The Company has a history of net losses.  In the first quarter of 2015, the Company generated a net loss of $793,000 compared to a net loss of $1,261,000 generated in the same quarter in 2014.  Further, at March 31, 2015, the Company had a working capital ratio of .69:1, with cash and cash equivalents and investments available for sale of $1,402,000.  Moreover, the Company expects to continue to incur additional operating expenses for research and development and invest in software development costs to achieve its projected revenue growth.  We continually evaluate our operating cash flows which can vary subject to the actual timing of expected new sales compared to our expectations of those sales and are sensitive to many factors, including changes in working capital and our net loss.  The Company believes that it has sufficient cash to meet its anticipated operating cash needs for at least the next 12 months.

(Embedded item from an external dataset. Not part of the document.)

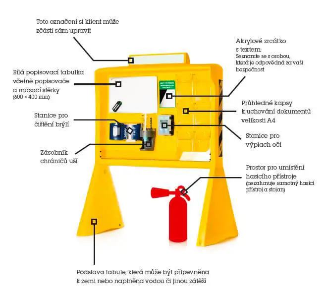 Das Hinweisschild ist ein innovatives Informationszentrum für Sicherheit und Gesundheitsschutz. Es eignet sich ideal als Treffpunkt, für Anweisungen oder als "Sie stehen hier"-Hinweisschilder. Sie eignet sich als Fläche für die Aufstellung von Lockout/Tagout-Stationen.
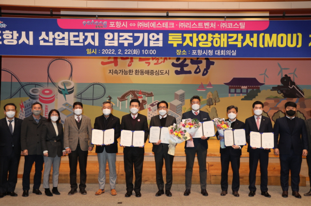 포항시는 22일 시청에서 포항시 주요 산업단지 내 공장 건립 투자를 추진하고 있는 기업 3개사와 투자양해각서(MOU)를 체결했다.

However, projections of future cash needs and cash flows are subject to substantial uncertainty. We continually evaluate our operating cash flows which can vary subject to the actual timing of expected new sales compared to our expectations of those sales and are sensitive to many factors, including changes in working capital and our net (loss) income.  However, due to the Company’s planned conversion to a subscription-based software delivery model it was determined that the Company needed additional liquidity. Accordingly, in 2014, the Company entered into a new line of credit agreement, and has an existing line of credit from its Chief Executive Officer, both of which are described in Note 6. As of March 31, 2015 the Company owed $150,000 against the line of credit from its Chief Executive Officer and $1,424,000 against the line of credit from Silicon Valley Bank (“SVB”).  The availability under the SVB line of credit is tied to a borrowing base formula that is based on 80% of the Company’s eligible domestic accounts receivable, as of March 31, 2015 the availability under the line of credit was $1,674,000.  Subsequent to the expiration of the line of credit, the CEO has committed to support the Company financially for up to $1,000,000 through April 1, 2016.  The Company has projected revenues for 2015 that management believes will provide sufficient funds to sustain its continuing operations.

 

The Company was in compliance with the financial covenants for both lines of credit with the Chief Executive Officer and SVB as of March 31, 2015.

 

 In the event the Company does not meet its financial covenants in 2015 and SVB does not extend a waiver or forbearance agreement, and the Company believes that it does not have adequate liquidity to operate, if necessary, the Company will implement a cost cutting plan that reduces all its expenditures to the appropriate level that matches its operating cash flows.

 

The Company does not plan any significant capital expenditures in 2015 other than to replace its existing capital equipment as it becomes obsolete. The Company’s plans for investment in product development are expected to be similar to prior years.